De minst beperkende omgevingsclausule stelt dat studenten onderwijs moeten kunnen volgen in een omgeving met ‘niet-gehandicapte leeftijdsgenoten’. In het geval van dove studenten zijn er echter veel gevallen waarin een reguliere klas niet de meest inclusieve, of minst beperkende omgeving.

Sommige aanpassingen kunnen worden gemaakt om een reguliere school geschikter te maken voor een dove leerling, zoals tolken, een programma voor doven binnen een reguliere school met dove leeftijdsgenoten en taalmodellen, of CA RT-diensten. Deze zijn echter niet altijd voor elke dove leerling succesvol. Dove woon- en dagscholen bieden bepaalde voordelen die de typische LRE niet zou hebben, zoals het plaatsen van dove studenten in klaslokalen met kinderen van hun eigen leeftijd en mate van gehoorverlies, en met personeel dat gecertificeerd is om doven te werken, om sociale interactie te vergemakkelijken.
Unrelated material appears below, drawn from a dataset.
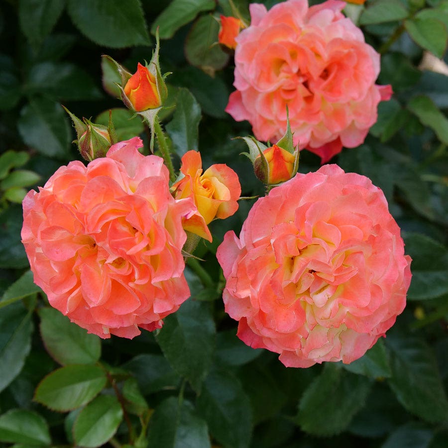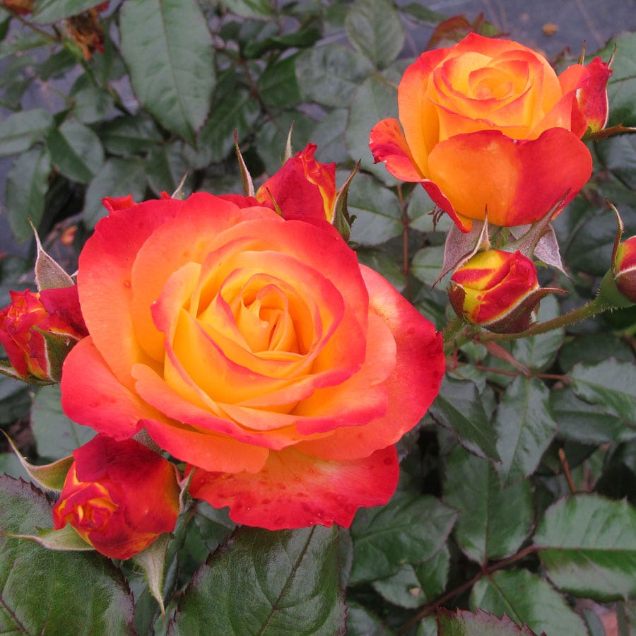 A Proven Winners® ColorChoice® Flowering Shrubs variety, Rosa Oso Easy En Fuego™ is a deciduous shrub that blooms throughout summer. Intensely colorful, the large flowers exhibit shades of yellow and red as they fully spiral open to a brilliant electric orange color. Set against healthy glossy green foliage, the flowers create fiery displays in the garden, container, or vase. The shrub makes an excellent specimen but is shown to best effect when massed or grouped in mixed beds, borders, and foundation plantings.

Dovenscholen kunnen ook beschikken over gespecialiseerde onderwijsapparatuur en buitenschoolse activiteiten die communicatief toegankelijk worden gemaakt voor doven om de groei emotioneel en cognitief te bevorderen.

Studies hebben aangetoond dat het typische inclusiemodel voor doven enkele voordelen heeft. Uit een onderzoek bleek dat een klaslokaal met zowel horende als dove en slechthorende studenten daadwerkelijk bijdroeg aan een betere gebarentaalontwikkeling voor doven. Het toonde ook verbetering aan in bepaalde testscores, zoals woordenschat / begrijpend lezen en het oplossen van wiskundige problemen. Bovendien is er binnen het IDEA een subsectie die alternatieve geschikte schoolplaatsingen beschrijft. In deze sectie zijn speciale scholen opgenomen.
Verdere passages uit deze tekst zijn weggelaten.